I recently came smack up against this dilemma. For years, my whole ministry has been supported by a young and energetic independent tech guy – all our email, phones, servers, everything. When we started, his wife was his backup help, but somewhere along the way as they had young kids she was no longer involved. Which we didn’t know. Until he suddenly went into a diabetic coma, was admitted to the ICU, on a ventilator and with his organs shutting down.

Nobody even knew he was diabetic. And before we’d had time to process that shock, we got another: his whole server went down. No email, nothing. And his in-shock wife was so worried her husband might die, and trying so hard to keep her own family afloat, that she didn’t have the emotional wherewithal to help us – nor did she know any of the technical information necessary to do so.

Can you say “guilty panic?”

I felt like we had no choice, of course. Especially early on. We had to just pray with and for her, and tell her not to trouble her infrequently-conscious husband about this – he’d already had one heart attack during the crisis, I didn’t want to give him another! We needed to tell her to prioritize her family; that his health and her sanity were more important right now.

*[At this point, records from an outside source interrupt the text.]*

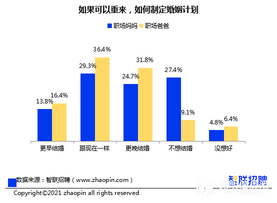 职场爸爸对自己的结婚计划感到满意,36.4%的受访者表示,如果重来还会坚持自己的选择,这一选项对职场妈妈来说仅为29.3%。“不想结婚”这一选项方面,职场妈妈为27.4%,是职场爸爸的三倍。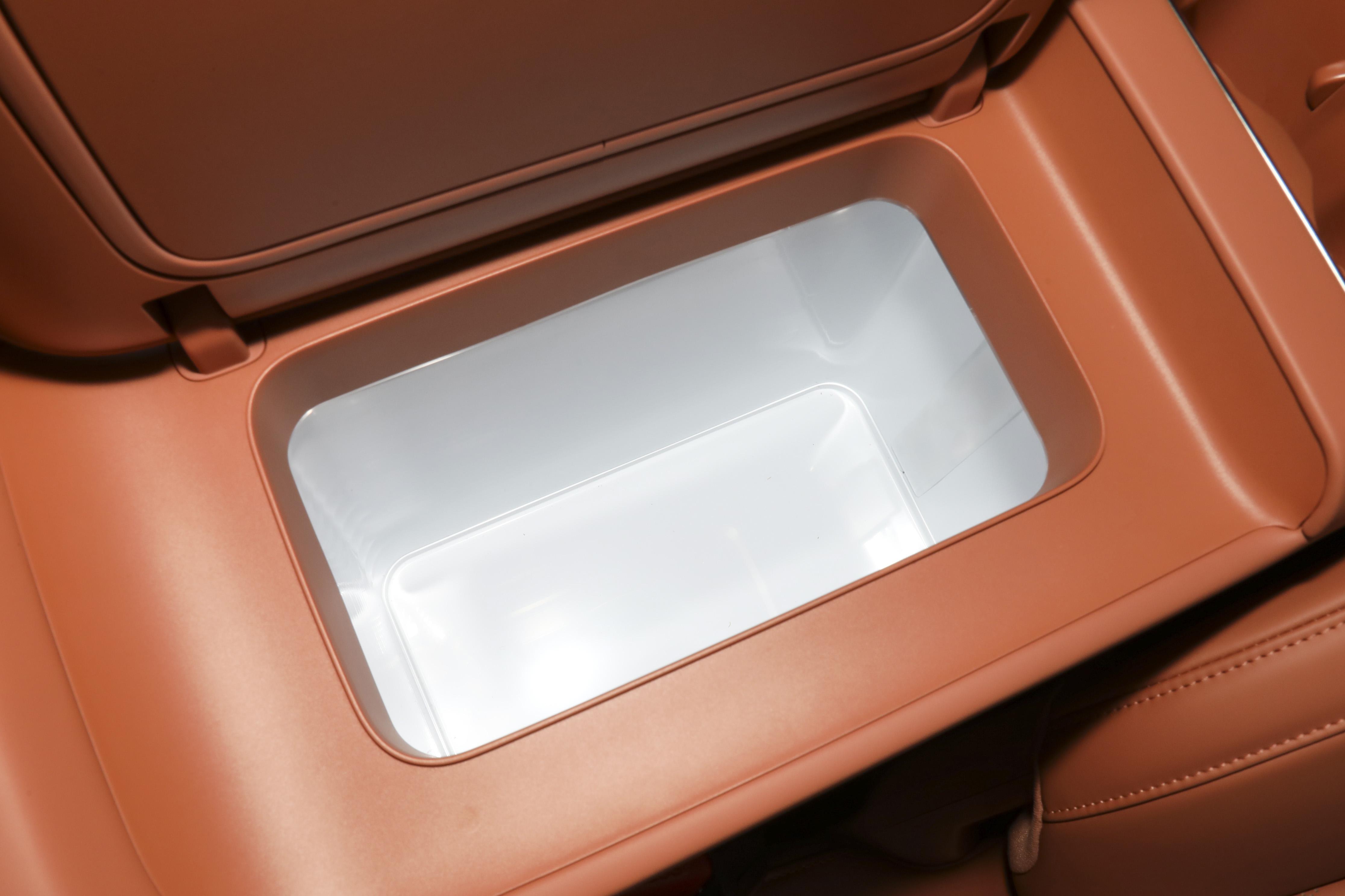 中控台下方内置8.1L冷暖冰箱,制冷最低可达-6℃,加热最高50℃,可存放饮品、儿童辅食等物品,满足日常及出行场景需求。六座版车型第二排配备可折叠小桌板,支持语音控制开启,开启时座椅会自动调节至合适角度,可用于放置零食、办公用品或供儿童书写,实用性较强。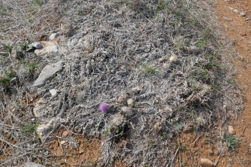 Le chemin est pavé pour ainsi dire de la plante nommée Ixia par Théophraste et Chamaeleon blanc par ses interprètes. Malia, Crète, octobre 2018.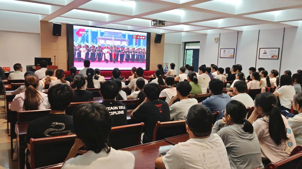阅兵观礼悟初心,砥砺奋进启新程。9月3日上午,澳门威尼斯人 师生齐聚一堂,共同观看纪念中国人民抗日战争暨世界反法西斯战争胜利80周年阅兵仪式直播。这场阅兵不仅带来了视觉上的震撼,更搭建起一座跨越时空的 “对话桥梁”—— 让师生们与抗战先烈隔空对话,与伟大民族精神深度共鸣。当威武的方阵迈着整齐的步伐通过检阅台,当先进的装备展示着国家实力时,同学们真切感受到祖国的繁荣强大,心中涌起强烈的民族自豪感与自信心。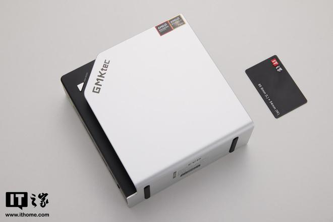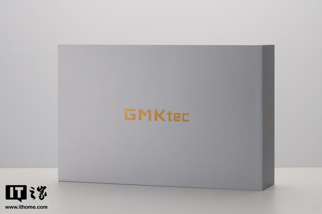 极摩客 X2 采用银白色的长方体包装盒,正面只有金色的“GMKtec”字样,看起来十分简洁利落。

But as the week with no email stretched on and we were all too aware of how many important communications we were never receiving –including requests for the speaking events that allow me to pay my staff salaries – I was uncomfortably aware that we would soon have to make a hard and awkward decision.

How do you tell a grieving wife that you’re pulling your business out from under her comatose husband?

Oy.

In the end, after almost a week, she understood that we couldn’t wait any longer to hope that it got fixed. She tried to find someone who knew her husband’s system to fill in, but the new guy wasn’t able to solve it. She knew with her head that our only recourse was to start looking for someone else to support us.

But I worry that with their hearts she and her husband will feel we abandoned them in their time of need. That we didn’t prioritize their family when it mattered most. That they won’t truly understand that I could only prioritize them for so long before I put not just my own family at risk, but the families of every person who works for me.

Of course, I also know that it’s not my responsibility to solve this – I cling to the knowledge that God is their provider as He is the provider for our family and for my staff members. But what a dilemma.

Have you ever faced a situation where prioritizing someone else’s family meant not prioritizing yours? I’d love to hear how you handled it.